|
Marketing Adviesbureau |
Connection |
ENG
• Home
• Academie
|
Welkom op Bonaire - Bon Bini na Boneiru
Wie in het Caribische gebied woont, is een geluksvogel. Volgens de laatste HappyPlanetIndex van de New Economic Foundation
wonen er in het Caribische gebied bijna alleen maar gelukkige mensen. In de top 20 van deze index vinden we onder meer
Costa Rica, Dominica, Cuba, Sint Vincent en de Grenadines, Sint Lucia en Antiqua. Deze Caribische bewoners leven langer,
zijn gelukkiger en gaan zorgvuldiger om met het milieu dan in andere landen van de wereld. Ter vergelijking: Nederland
neemt op de gelukkigheidsindex de 70ste plaats in op de ranglijst van 178 landen, lager dan Suriname dat de 34e plaats
inneemt.
De verkoelende noordoosten passaatwind die bijna het gehele jaar over het eiland waait heeft net als op de andere eilanden
in de Antillen de divi-divi boom zijn beroemde vorm gegeven. Oranjepaarse flamingo’s laten zich in grote wolken meedrijven
tegen witte zoutbergen bij de zoutpannen die op zich weer een kleurrijk contrast vormen met de omringende groene en blauwe
zee.
Cactussen tornen surrealistisch uit boven de soms zanderige- en dan weer beboste heuvellandschappen. De prachtige
azuurblauwe en turkooizen zee trekt niet alleen onderwater liefhebbers maar ook surfers. Het Wereldkampioenschap Freestyle
windsurfen 2002 werd gestreden op de ondiepe Sorobon baai bij Jibe City met als winnaar de eigen Bonaireaanse held Tonky
Frans. Een stukje verderop is Lac Bay, de plaats waar de Bonaireanen elkaar zondagsmiddags treffen voor gezelligheid met
barbecue en onvervalste Mariachi van Calixto. In de nabij gelegen oerwoudachtige mangrovebossen kun je volop kajakken en
vogels en zeeschildpadden bekijken. In dit zeldzaam mooie kleurenparadijs hebben 170 soorten exotische vogels als parkieten,
papagaaien (de Lora “Amazonia Barbarendis Rothchildi” of Green Parrot) en de gele en rode trupial een veilig heenkomen
gevonden en kun je leguanen en hagedissen in allerlei formaten en kleuren aantreffen. Bouchi Frans, de toezichthouder van
natuurpark Fontein, weet als geen ander hoeveel papagaaien er op het eiland zijn. 's Ochtend om 6 uur wordt Fontein de
kirrende eetplaats voor de papagaaien en drinkplaats voor wilde geiten. Bonaire is een van de weinige gebieden waar wilde
ezels en wilde geiten vrij rondlopen. Dat zegt iets over de levenstijl op Bonaire; vrijheid boven alles. Later op de dag
kun je de sprookjesachtige waterbron in de grot bewonderen of rotsinscripties bekijken van de eerste bewoners van het
eiland, de Caiquetio Arawak Indianen. Bij de grotten van Boca Onima zijn meer dan 500 jaar oude rotstekeningen te zien.

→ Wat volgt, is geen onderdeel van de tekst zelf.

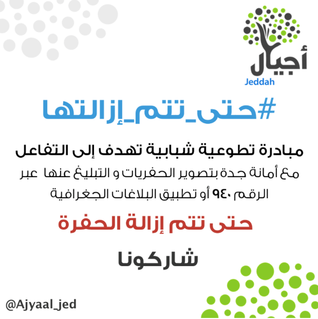 مبادرة تطوعية رائعة قامت بها مجموعة أجيال جدة التطوعية تهدف للتفاعل مع أمانة مدينة جدة بالتبليغ عن الحفر وذلك من خلال التجوال في الشوارع والكشف عن الحفر وتركيب لوحات تحذيرية ثم تقديم بلاغ للأمانة ومتابعته حتى يتم درم الحفرة. كما قاموا بإنشاء هاشتاق علر موقع تويتر لحث الآخرين على التبليغ عن الحفر الموجودة في أحيائهم أو قريبة منهم وتصويرها ونشرها تحت الهاشتاق #حتى_تتم_إزالتها وقد لاقى البرنامج التشجيع والإشادة من كافة أفراد المجتمع.
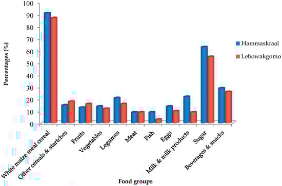 Mothers acknowledged that various food groups were rarely consumed by the children (Table 2). According to the FGDs, the economic access to complementary foods was a major challenge for mothers in both study areas (not tabulated); consequently, the majority of the children had not consumed various food groups in the previous 24 h (Figure 2). Additionally, FGDs revealed that household food baskets in both study areas were composed of energy-rich foods as they were perceived to be more affordable and filling compared to fruits, vegetables, and meat products, which were perceived to be more expensive (not tabulated). Mothers further indicated in the FGDs that, in order to prepare complementary foods, ingredients were sourced from the household’s food basket. Moreover, soft porridge prepared with white maize meal was the most common complementary food given to children during any time of the day; other ingredients such as sugar, milk powder (powdered formula milk or tea whiteners), margarine, or peanut butter were added to white maize soft porridge to ‘enhance taste’. Stiff porridge prepared with white maize meal together with household relish of the day or with diluted liquid milk were usually given to children as supper, and savoury maize snacks, sweets, juice, and tea were consumed in-between the main meals. Poor food consumption patterns could account for the prevalence of underweight in Hammanskraal and Lebowakgomo children, which can be seen from the results in Table 3.

De betekenis van deze tekeningen lijken verwant aan die van indianen langs de Orinoco rivier (Venezuela). Vermoedelijk
heeft het te maken met initiatieriten van jonge mannen Het Gotomeer nabij het 13.500 hectare grote Washington Slagbaai
nationaal natuurpark straalt een adembenemende rust uit. Het is een broed- en verblijfplaats voor duizenden Flamingo's.
Gemiddeld leven tussen 3.000 en 7.000 flamingo's op Bonaire. Het grote verschil zit in de trek van deze vogels. Wanneer
er niet voldoende voedsel is dan vliegen ze voor een dag of twee naar Venezuela en komen daarna weer terug. Bonaire is een
van de weinige plaatsen in de wereld waar flamingo's echt broeden.
Het hoge zoutgehalte in het Goto Meer heeft een helende werking voor de huid evenals de geneeskrachtige klei die hier
gevonden wordt.
Een ideale locatie voor een gezondheids centrum om te ontstressen. De “Brandaris” is de hoogste berg van Bonaire,
241 meter. Vanaf de top heeft men een prachtig uitzicht over het hele eiland en bij heel helder weer kan men zelfs
de "Christoffelberg" op Curaçao en de bergen van Venezuela in de verte zien liggen. Een van de bergpieken op Bonaire
is Seru Largu. Het is de op een na hoogste top op Bonaire, maar wel de piek met het mooiste uitzicht over het eiland.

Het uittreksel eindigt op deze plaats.